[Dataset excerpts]
════════

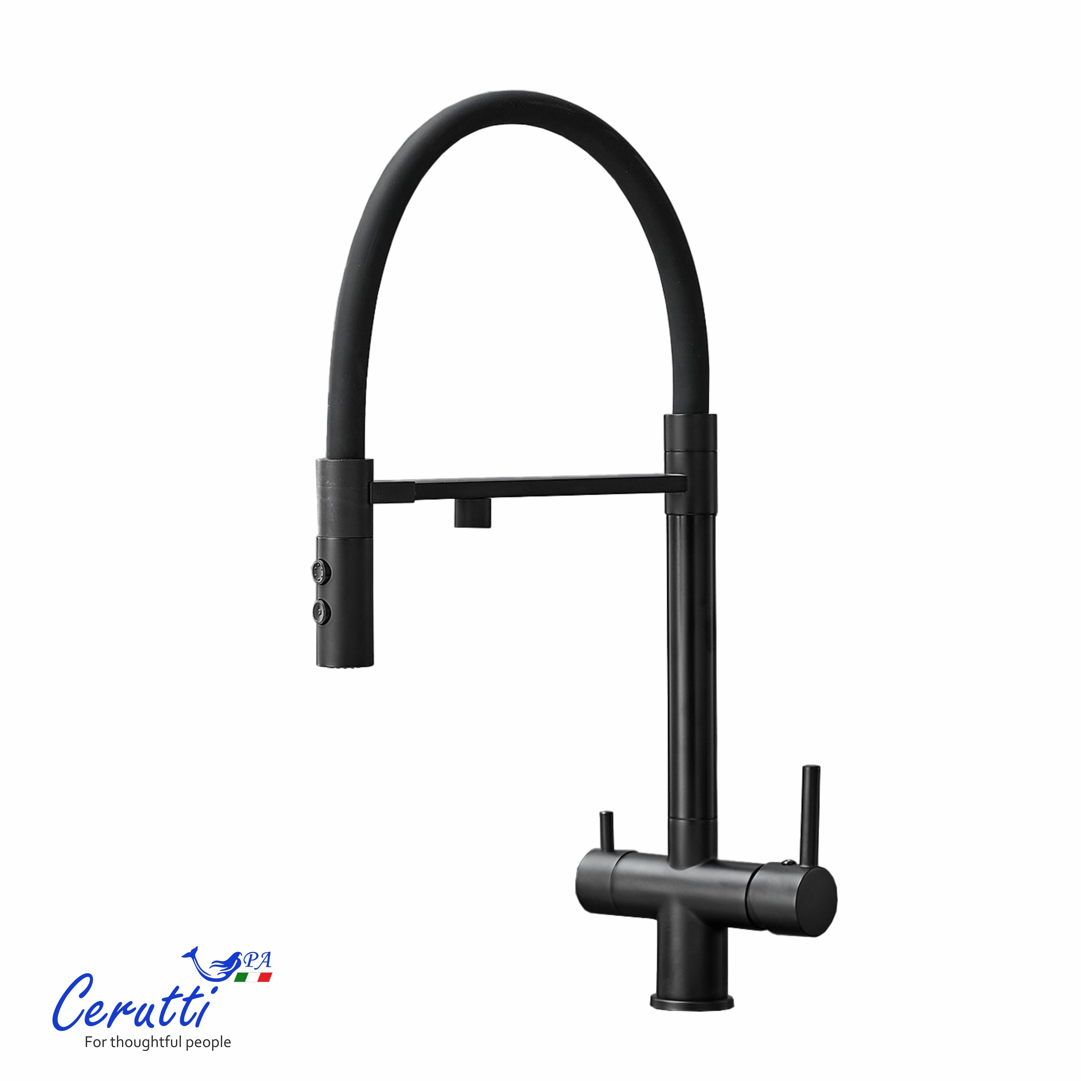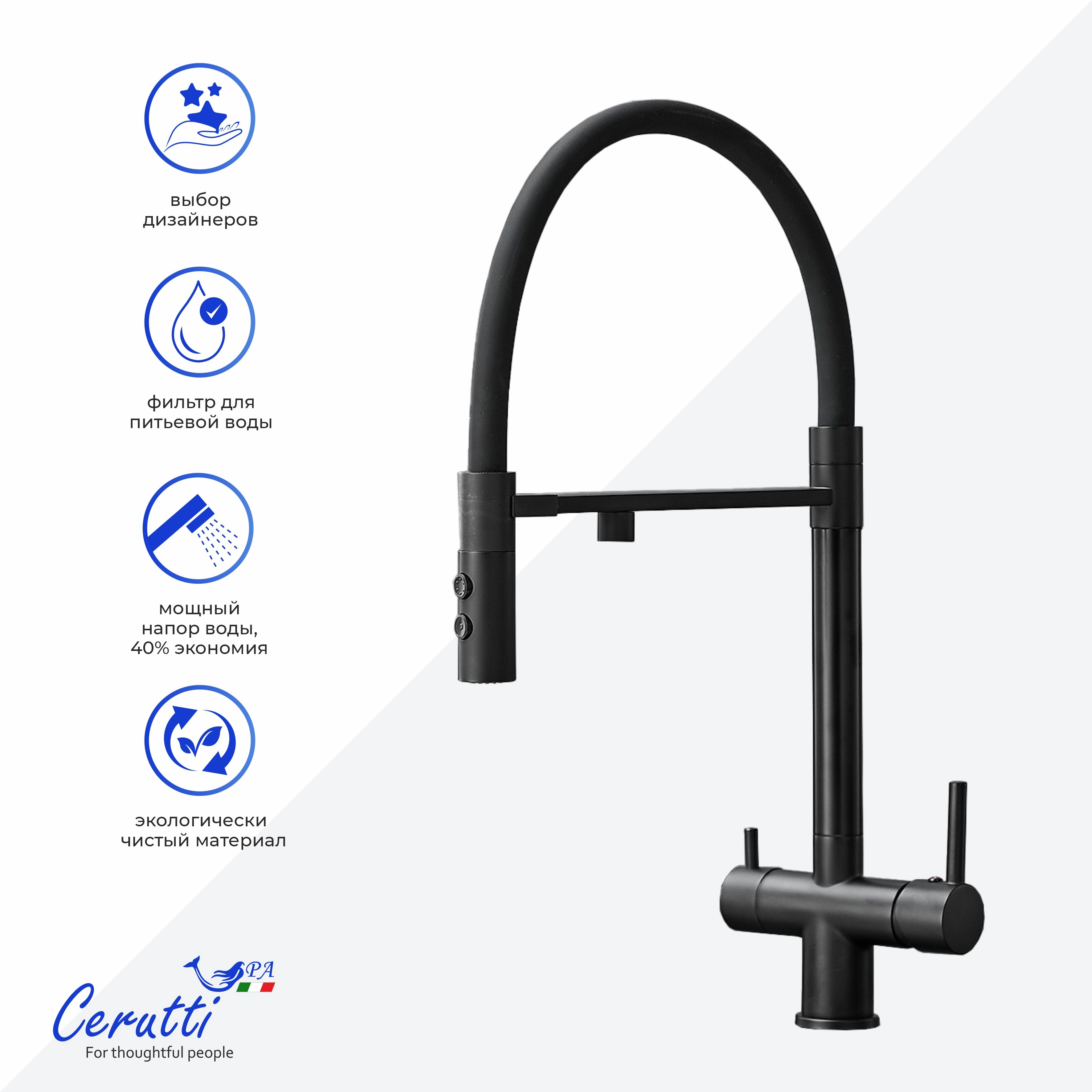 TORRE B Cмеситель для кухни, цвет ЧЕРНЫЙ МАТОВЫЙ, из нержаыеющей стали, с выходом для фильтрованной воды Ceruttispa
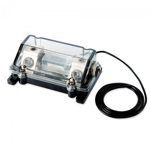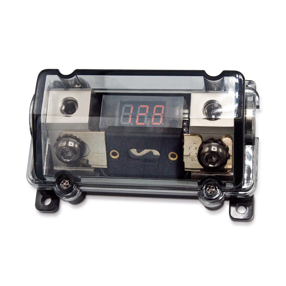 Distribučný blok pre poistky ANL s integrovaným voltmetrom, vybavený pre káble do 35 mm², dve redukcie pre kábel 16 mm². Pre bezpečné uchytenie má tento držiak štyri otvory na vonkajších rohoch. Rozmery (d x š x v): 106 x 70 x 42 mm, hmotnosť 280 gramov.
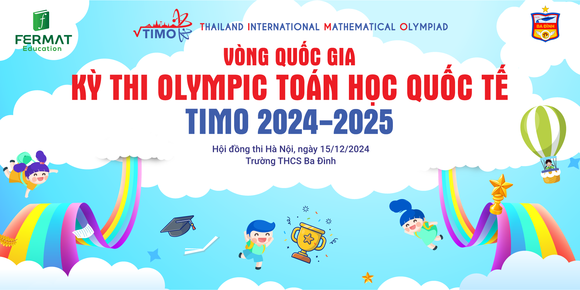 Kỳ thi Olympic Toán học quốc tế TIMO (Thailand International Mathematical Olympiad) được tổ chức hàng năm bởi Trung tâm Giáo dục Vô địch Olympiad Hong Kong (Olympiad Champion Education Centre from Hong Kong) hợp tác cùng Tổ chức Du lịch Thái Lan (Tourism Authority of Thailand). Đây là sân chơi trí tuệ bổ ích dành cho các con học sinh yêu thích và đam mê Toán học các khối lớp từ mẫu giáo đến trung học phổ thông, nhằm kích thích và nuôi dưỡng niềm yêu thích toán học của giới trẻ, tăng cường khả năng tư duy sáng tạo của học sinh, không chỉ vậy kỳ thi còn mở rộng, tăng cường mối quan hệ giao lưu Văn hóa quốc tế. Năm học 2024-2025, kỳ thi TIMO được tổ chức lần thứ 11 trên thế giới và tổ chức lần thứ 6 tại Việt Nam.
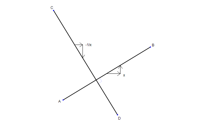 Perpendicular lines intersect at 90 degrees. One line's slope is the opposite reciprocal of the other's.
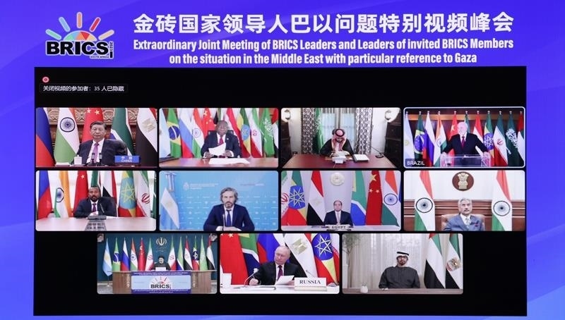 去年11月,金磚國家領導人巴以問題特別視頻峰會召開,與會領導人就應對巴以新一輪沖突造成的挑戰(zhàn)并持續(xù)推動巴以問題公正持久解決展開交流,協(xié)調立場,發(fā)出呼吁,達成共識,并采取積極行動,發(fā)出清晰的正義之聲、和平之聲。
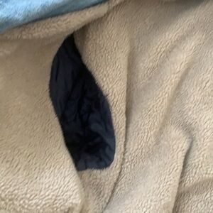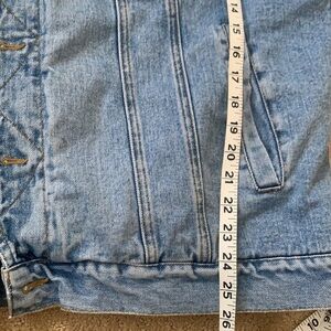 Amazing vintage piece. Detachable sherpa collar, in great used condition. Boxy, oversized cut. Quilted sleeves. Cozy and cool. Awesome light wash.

════════

Task requirements: In the entries above, find the line that contains "Distribučný blok pre", then repeat exactly every line from the first one through that line, with no pictures.

Solution for this task:
 TORRE B Cмеситель для кухни, цвет ЧЕРНЫЙ МАТОВЫЙ, из нержаыеющей стали, с выходом для фильтрованной воды Ceruttispa
 Distribučný blok pre poistky ANL s integrovaným voltmetrom, vybavený pre káble do 35 mm², dve redukcie pre kábel 16 mm². Pre bezpečné uchytenie má tento držiak štyri otvory na vonkajších rohoch. Rozmery (d x š x v): 106 x 70 x 42 mm, hmotnosť 280 gramov.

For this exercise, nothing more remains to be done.